Потом, как бы невзначай, он поинтересовался, что мы собираемся показывать. И хотя о поздравительных «сюрпризах» рассказывать не принято, чтобы потом было смешнее и неожиданнее, я, понимая положение Раевского, ответственного за праздничное «действо», на котором будет присутствовать сам Президент, рассказал обо всех «приколах» нашего выступления, в котором не было даже намека на политику, а была лишь пародия на псевдофольклор. Выслушав меня, Раевский опять стал жаловаться на огромное количество выступающих, на затянутость, казенность и однообразие предстоящих поздравлений.

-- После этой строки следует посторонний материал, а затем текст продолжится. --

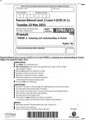 Pearson Edexcel Level 1/Level 2 GCSE (9–1) French PAPER 1: Listening and understanding in French Higher Tier Question Paper 2023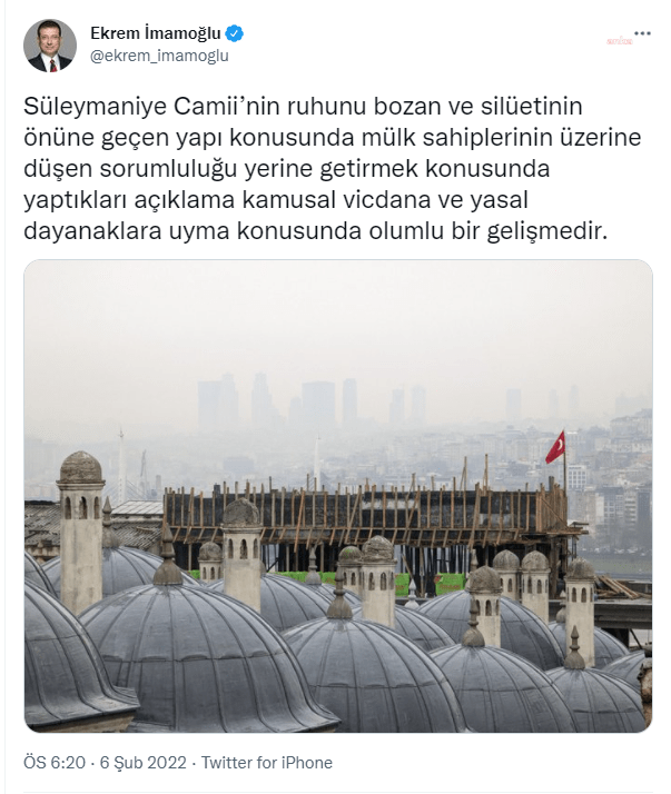 “Süleymaniye Camii’nin ruhunu bozan ve silüetinin önüne geçen yapı konusunda mülk sahiplerinin üzerine düşen sorumluluğu yerine getirmek konusunda yaptıkları açıklama kamusal vicdana ve yasal dayanaklara uyma konusunda olumlu bir gelişmedir.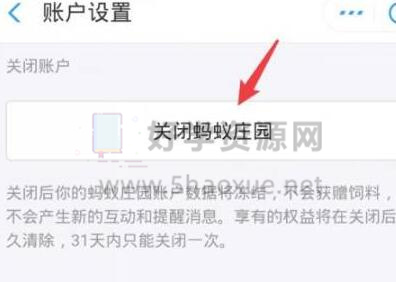 5、最后我们在账户设置界面点击关闭蚂蚁庄园,成功关闭支付宝蚂蚁庄园。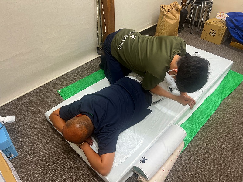 わが社では定期的にカイロプラティックの先生にお越しいただき、社内でカイロプラティックの施術をおこなっています。 社員が施術を受ける際、料金の半額を会社が負担します。おおむね好評で、希望者が毎回4名位施術を受けています。 腰痛・肩の痛み・猫背など、体の不具合の軽減につながっています。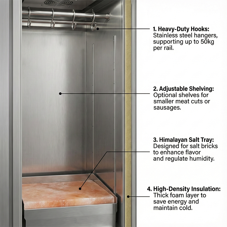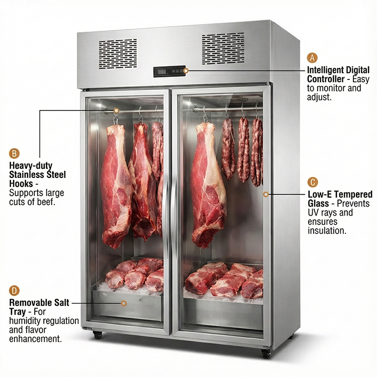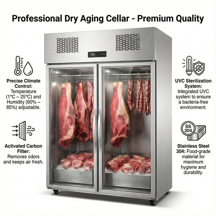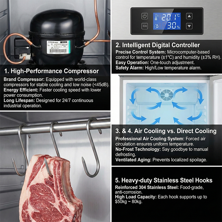 Vitrine réfrigérée verticale pour la viande, conception suspendue, équipement de réfrigération, congélateur de présentation de viande fraîche et sécurisée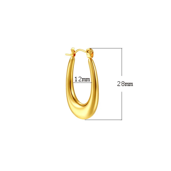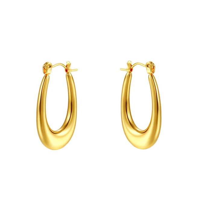Visací náušnice z chirurgické oceli oválného tvaru. Povrch náušnic je leštěný pozlacený technologií PVD. Náušnicové zapínání je na francouzský zámek. Velikost náušnic 28mm najdete zobrazený na podpůrné fotografii.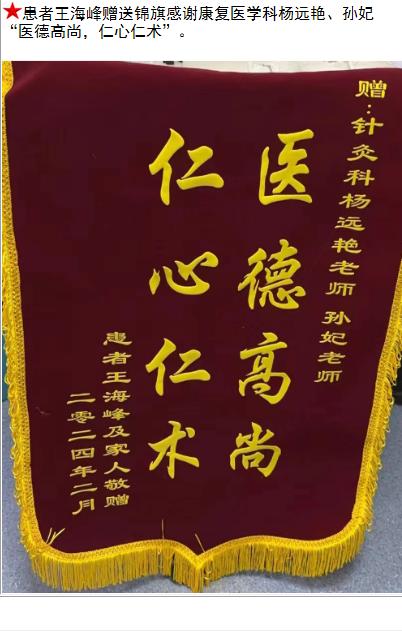 患者王海峰赠送锦旗感谢康复医学科杨远艳等人。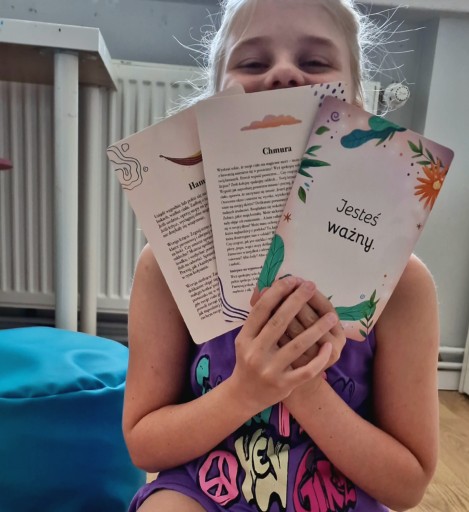 "Moje autorskie materiały i pomoce psychologiczne z powodzeniem możesz wykorzystać w domu, w gabinecie czy podczas zajęć warsztatowo-rozwojowych. Tworząc swoje produkty, ważne są dla mnie dwie rzeczy. Chcę, aby były one oparte na rzetelnej wiedzy psychologicznej (żebyś miał pewność, że zawarte w nich pomysły/strategie działają). Równie ważne jest dla mnie zadbanie o ich formę – tak, aby były one interesujące dla odbiorców, zwłaszcza tych najmłodszych".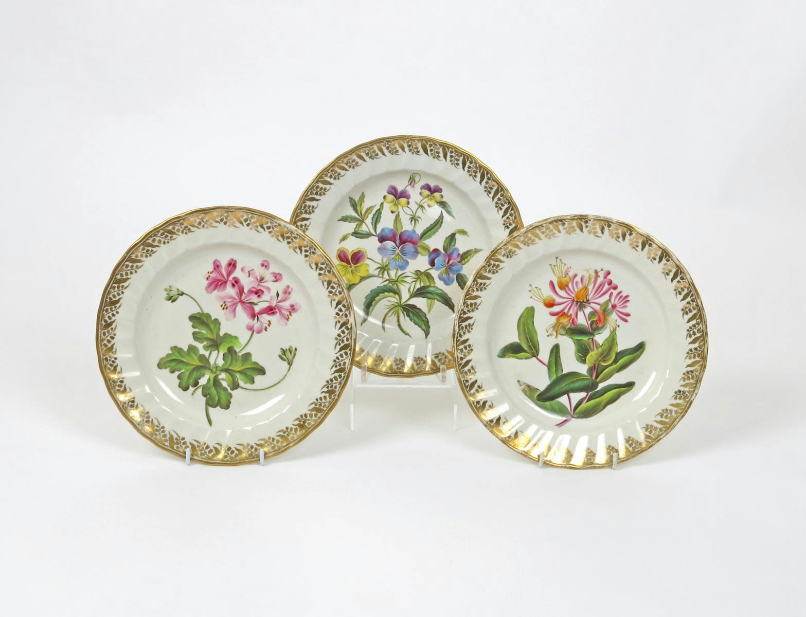 Three Derby botanical dessert plates c.1800, painted in pattern 115 with floral specimens of Heartsease, Honeysuckle and Geranium, within a gilt lily of the valley border, each piece titled to the reverse, blue factory marks and pattern numbers, 23.8cm. (3)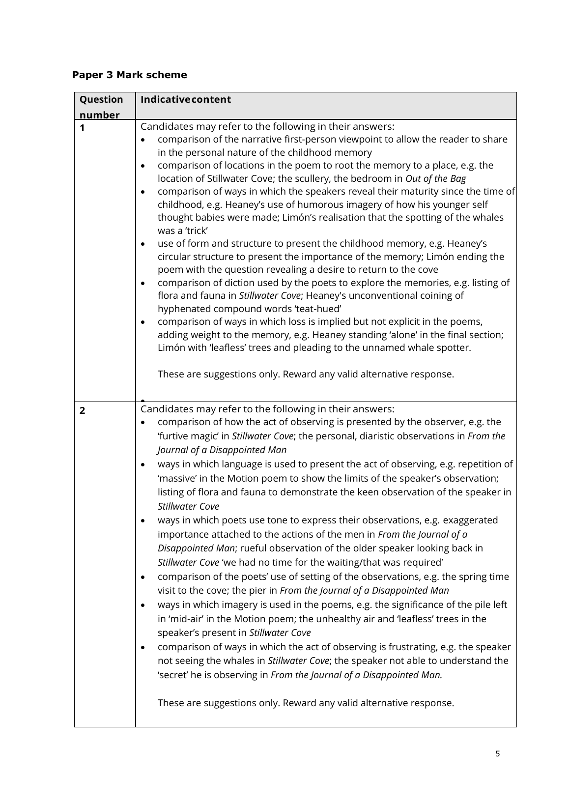 2024 PEARSON EDEXCEL A LEVEL ENGLISH LITERATURE MARK SCHEME PAPER 3 (9ET0/03: Poetry)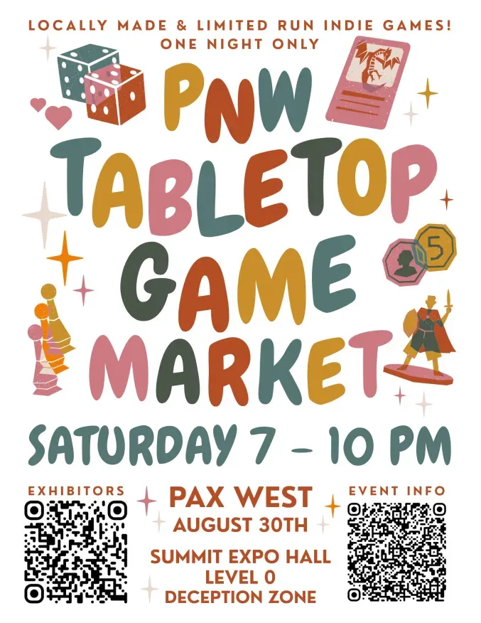 On August 30th, 2025 I had a booth at the PAX West PNW Tabletop Game Market, where I sold Into Avalon.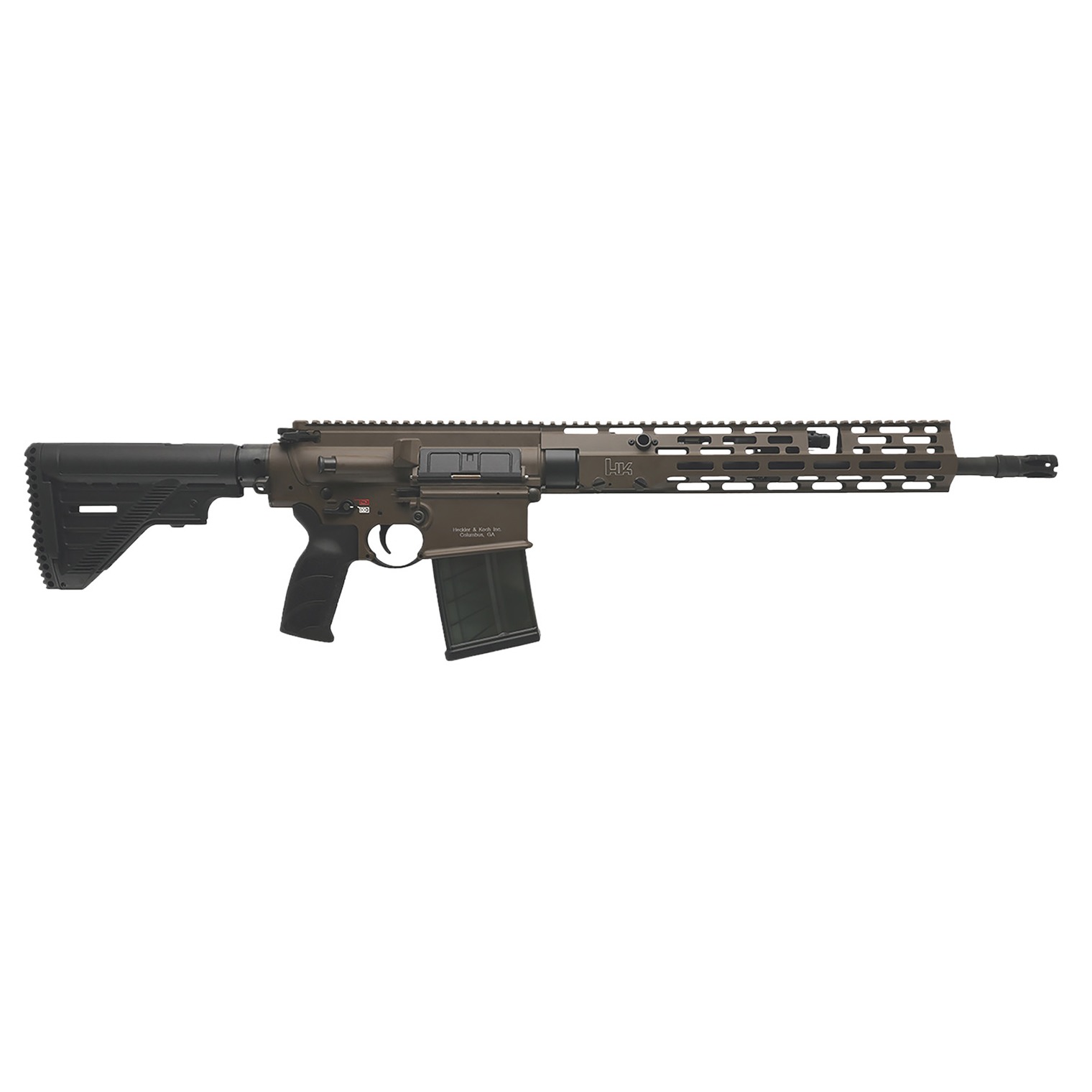 HK 81001206 MR762 A4 7.62x51mm 10+1 16.50” Black Threaded Barrel, Patriot Brown Picatinny Rail Receiver, M-LOK Handguard, 6 Position Black Synthetic Stock, Black Finger Grooved Grip, Ambidextrous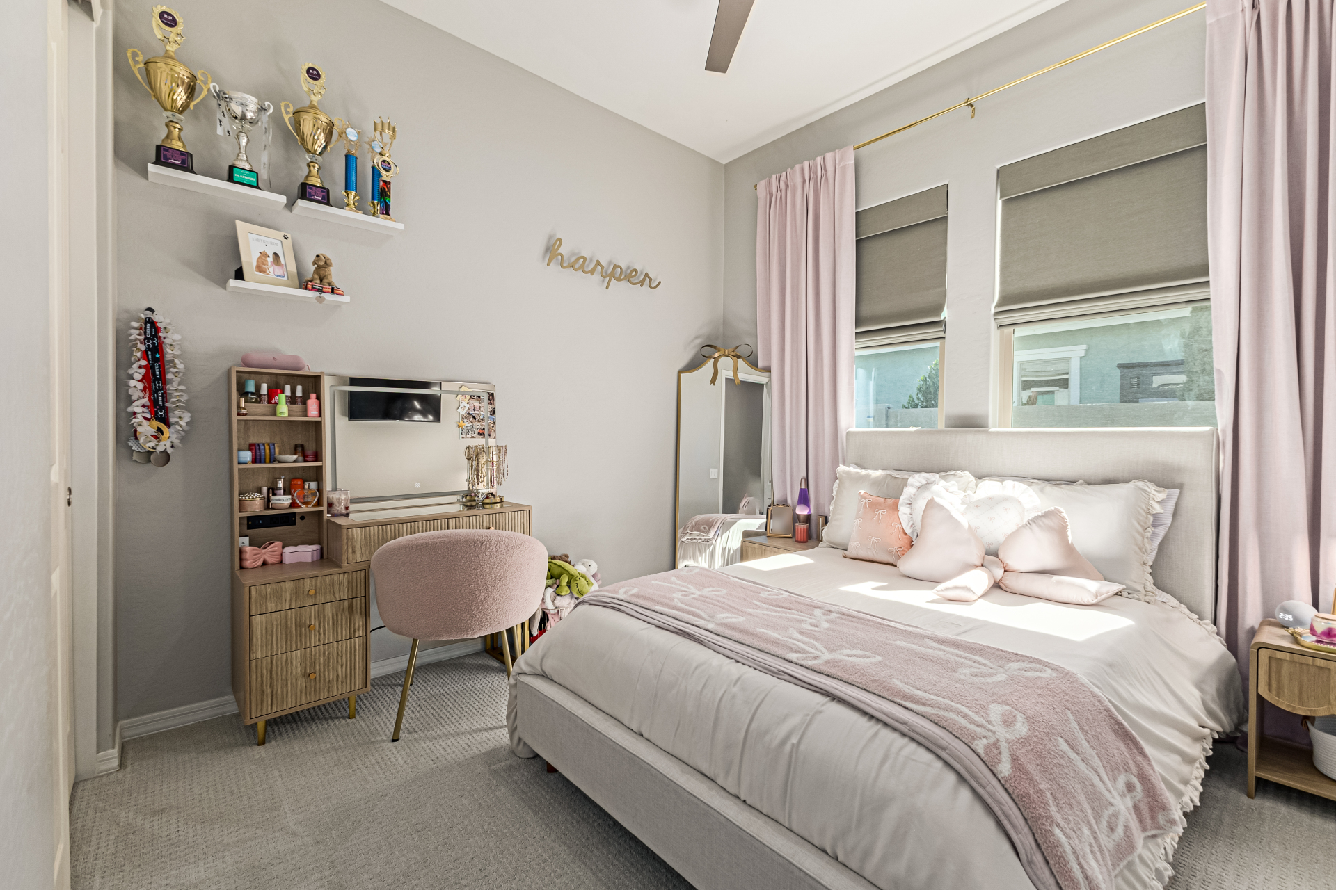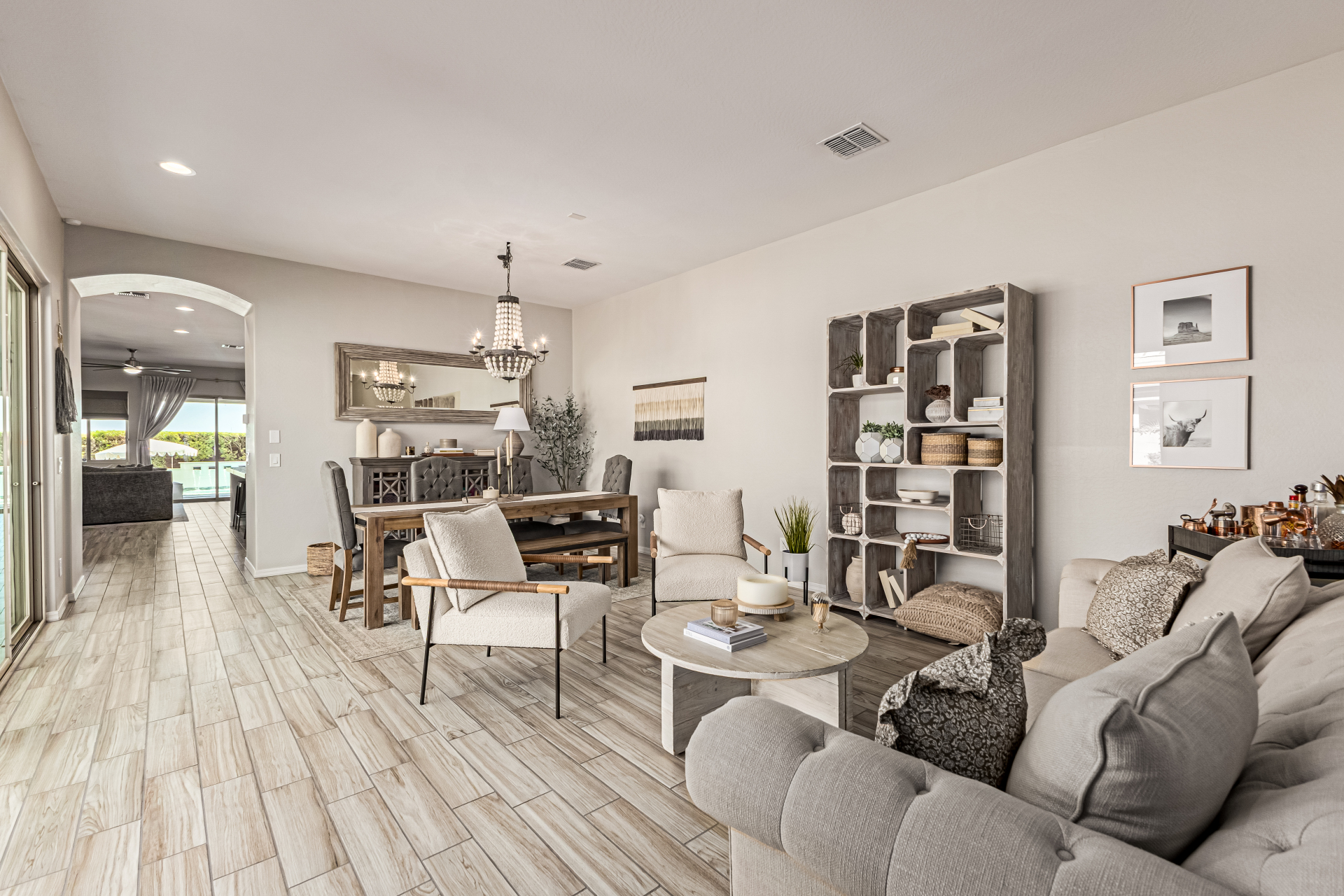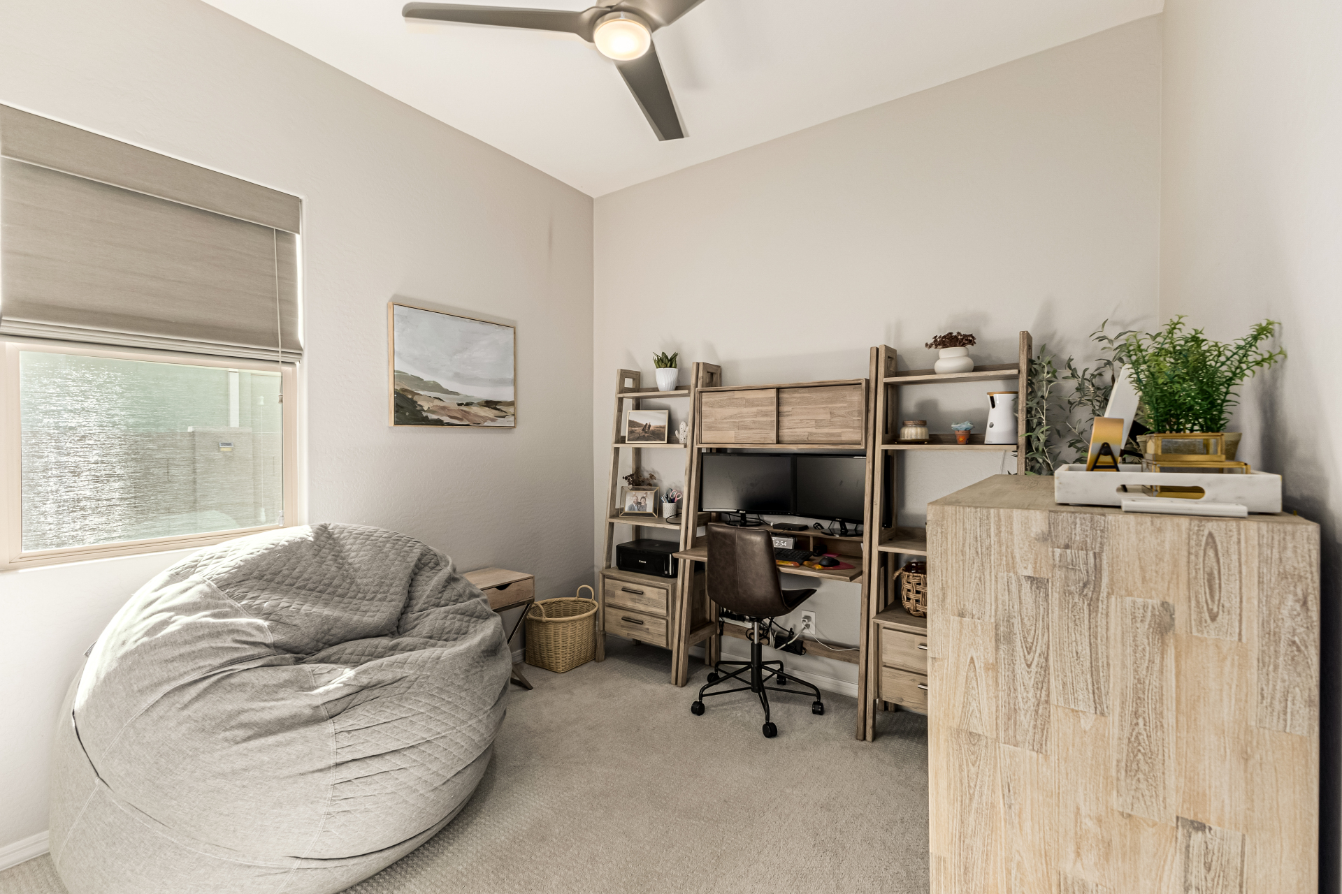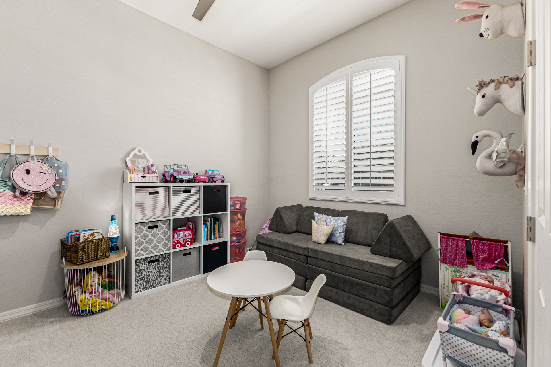 Modern luxury meets resort-style living in this stunning Gilbert home! Amazing single level plan features 4 beds+ den & 3.5 baths! Neutral tile floors & new carpet in bedrooms. The kitchen features an oversized island, gorgeous granite, gas cooktop, Insta-hot water, new dishwasher, custom cabinetry, coffee bar & beverage fridge. You'll love the family room with electric FP, surround sound speakers & views of the pool. The primary suite offers a fully updated spa-like bath w/ new counters, tiled shower w/ 3 shower heads & updated fixtures. Marble counters in guest baths. Enjoy a backyard oasis with a pool & spa (added in 2022), travertine decking & built-in gas BBQ--perfect for Arizona entertaining. Don't miss the putting green, patio misters, tankless water heater & overhead garage racks.

– Мы постараемся развеселить и оживить публику, – обнадежил его я.

– Возможно, – как-то кисло произнес Раевский. – Ну, до завтра.»

Наутро мы решили, как сократить наше выступление, отрепетировали его в новом виде и стали с нетерпением ждать вечера. Все были в приподнятом настроении, особенно мы с Лесным, так как должны были выйти на сцену, с которой так много было связано в нашей жизни и на которой уже почти 9 лет не стояли. Роковой звонок раздался в полдень. Безразличным тоном Раевский сообщил мне, что программа оказалась настолько перегруженной, что пришлось вычеркнуть из нее очень много выступлений, в том числе, к его великому сожалению, и наше. Но в этом ничего страшного нет, успокоил он меня, потому что на банкет с Президентом мы все равно приглашены, и все нас по-прежнему любят и ценят, а пригласительные билеты ждут нас в кассе театра. Я не подал вида, что расстроился, хотя был уверен, что наше участие в программе только украсило бы ее. С таким же показным, как у Раевского, безразличием я согласился, что ничего страшного не произошло, добавив, что мы все понимаем и на банкет придем обязательно, чтобы встретиться и пообщаться с друзьями, с которыми из-за вечной занятости встречаемся до обидного редко.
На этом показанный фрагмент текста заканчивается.